Work instruction. Copy the lines below word for word, skipping any image.

Source material.

···

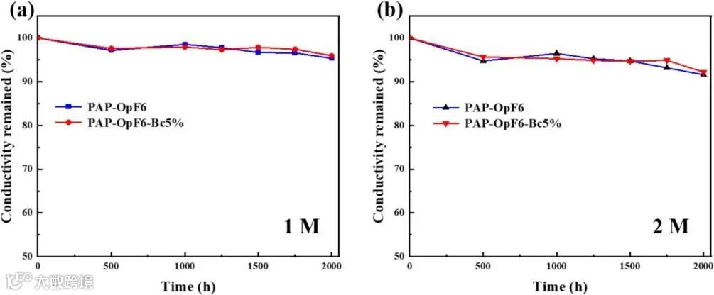 图6 (a)和(b)PAP-OpF6和PAP-OpF6-Bc5%在80 ℃下于1 M和2 M的NaOH溶液中暴露不同时间的离子电导率保留率
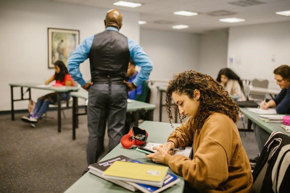 GED math practice tests also include fill-in-the-blank questions, requiring precise calculations and accurate numerical input. Unlike multiple-choice, there’s no guesswork; the answer must be exact. Show your work meticulously, as this helps identify potential errors when reviewing with the answer key. Pay close attention to units – ensure your answer includes the correct units if specified in the question.
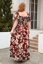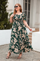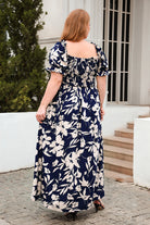 Cette robe longue à smocks florale offre un parfait équilibre entre confort et féminité.

···

Answer box.
 图6 (a)和(b)PAP-OpF6和PAP-OpF6-Bc5%在80 ℃下于1 M和2 M的NaOH溶液中暴露不同时间的离子电导率保留率
 GED math practice tests also include fill-in-the-blank questions, requiring precise calculations and accurate numerical input. Unlike multiple-choice, there’s no guesswork; the answer must be exact. Show your work meticulously, as this helps identify potential errors when reviewing with the answer key. Pay close attention to units – ensure your answer includes the correct units if specified in the question.
 Cette robe longue à smocks florale offre un parfait équilibre entre confort et féminité.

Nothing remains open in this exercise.